Q: What challenges have you faced as an emerging artist, and how have you overcome them?
A: The challenges I’ve faced have mainly been my own. I have not put a lot of work into the business side of promoting myself and gigging over the years and probably missed out on lots of good opportunities and connections so I am having to build that up now and it can feel discouraging having been making music for a while, knowing I have what it takes to put on a good show but feeling like a nobody.
But at the same time, I feel steady in myself as an artist regardless. I’ve released a lot of music from the cave of my bedroom that I am proud of. Most importantly I feel like I’ve grown a lot of love for ordinary joy of making music and producing it without the big gratification or busy work of playing lots of shows.
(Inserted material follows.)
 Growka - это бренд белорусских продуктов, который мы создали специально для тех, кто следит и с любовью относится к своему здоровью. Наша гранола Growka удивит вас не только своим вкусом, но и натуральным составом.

But I’m looking to play a lot more!
Q: Do you have any dream collaborations with other artists?
A: I’d really love to connect with folks in the Seattle scene. I got to make a music video for Jul!et recently after she saw my video for my song Dizzy. It was really fun to craft a story and bring her vision to life. I would love to have more opportunities like that with Seattle artists in addition to leaving my atmospheric touch or even doing guest vocals in others’ music and having them.
Or even doing weird performance art type shows that are different than just 3 bands with 40 minute sets. I think there’s a lot happening in the Seattle scene right now that’s cool but I’ve always loved the idea of making shows more memorable than just doing our sets. I don’t quite know what that looks like but it’s an idea that’s been floating around in my head. But a long term big dream of mine is doing a soundtrack or landing a song on a tv show or a movie.
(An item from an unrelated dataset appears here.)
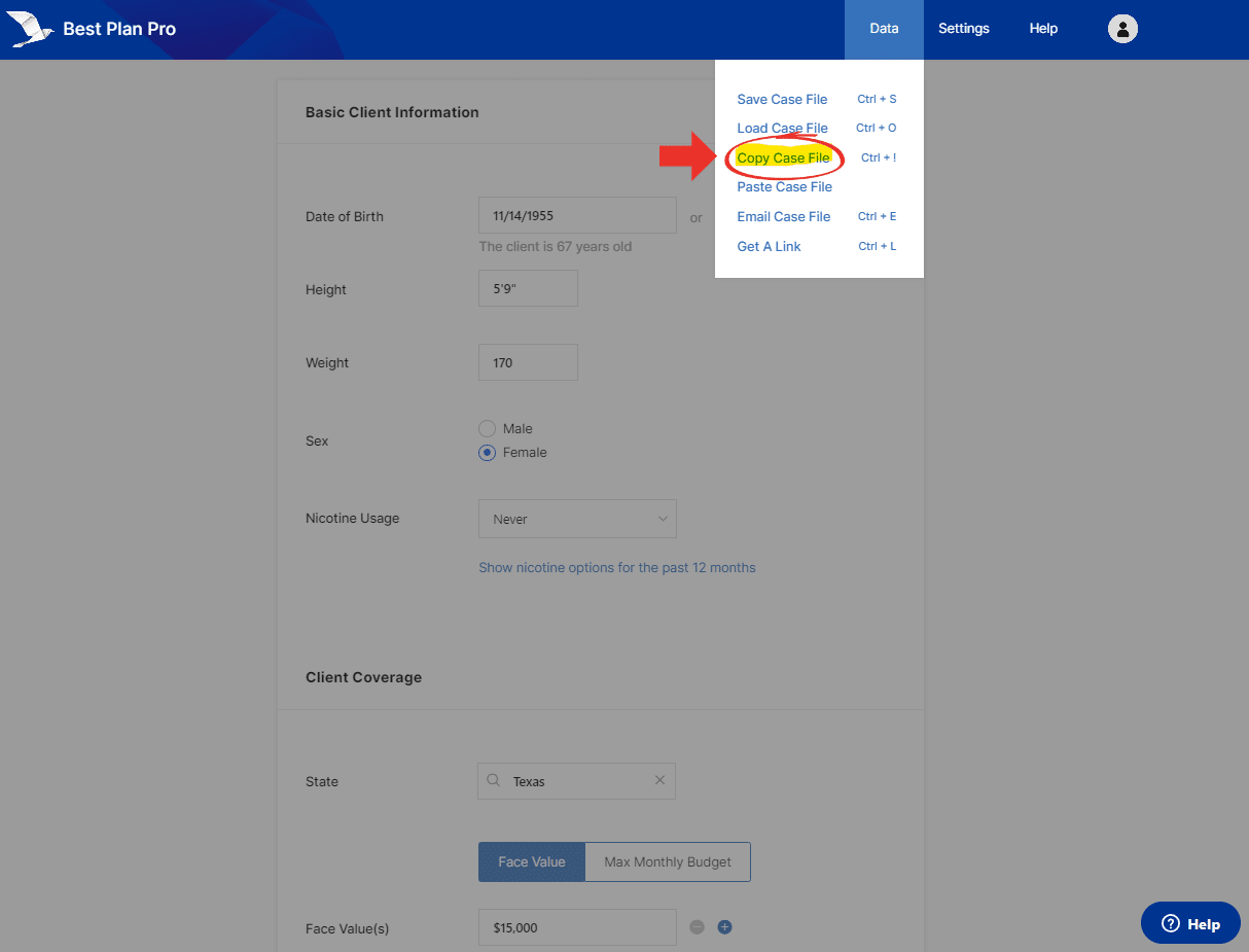 Here’s how to obtain a plain-text copy of your current case to build a profile or portfolio on a client, send to an underwriter if you have a question, or share with a team member who doesn’t have Best Plan Pro.

Q: Are there any upcoming projects, tours, or exciting plans you can share with your fans?
A: For those who didn’t catch my first premiere at Narrative in Everett, I’m excited about performing and premiering my visual album again at the Fremont Abbey on Sunday October 8th!
This album was recorded a lot at night so I had a lot of mellow vocals. Whatever I make next, I want to take my voice to the next level. I love singing songs like Don’t Stop Me Now by Queen at karaoke.
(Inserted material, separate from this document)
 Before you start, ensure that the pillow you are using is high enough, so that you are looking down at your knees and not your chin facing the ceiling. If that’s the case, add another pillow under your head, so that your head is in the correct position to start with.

Whatever I do next I want to tap into more intensity and energy!
Q: So far what’s been your favorite show you have performed? Why?
A: One of the last shows I did involve removing layers of my outfits, playing keys, guitar, my synthesizer, painting while singing my last song while I set up a loop and walked off and exited the room while it played to end my set. There weren’t a lot of people in the room and it felt nice to be commuted to and immersed in the show regardless. but one of my musical role models was there and thought it was amazing and that honestly meant the world to me! And it was just so fun!
Q: What has been the most rewarding experience as a musician so far?
A: One of the most rewarding experiences I’ve had is being able to work and record with Damien Jurado. Damien is an amazing person, a brilliant artist, prolifically imaginative, wise, and kind. I’ve loved his music for a while for it’s conceptual nature and down to earth-ness. I never thought I’d get to work with an artist that has inspired me and have him support me in my music endeavors and even come to my shows. Getting to on his albums was a richly collaborative, joyful experience that made me appreciate and consider what matters making music in the long run.
But also being able to connect with people who I know genuinely resonate with my music. I even had a residency doing live ambient music at a yoga studio and that was really special. It’s an honor to create and share and I feel deeply grateful to share my music and myself with others and for whoever takes the time to dive into my world with me!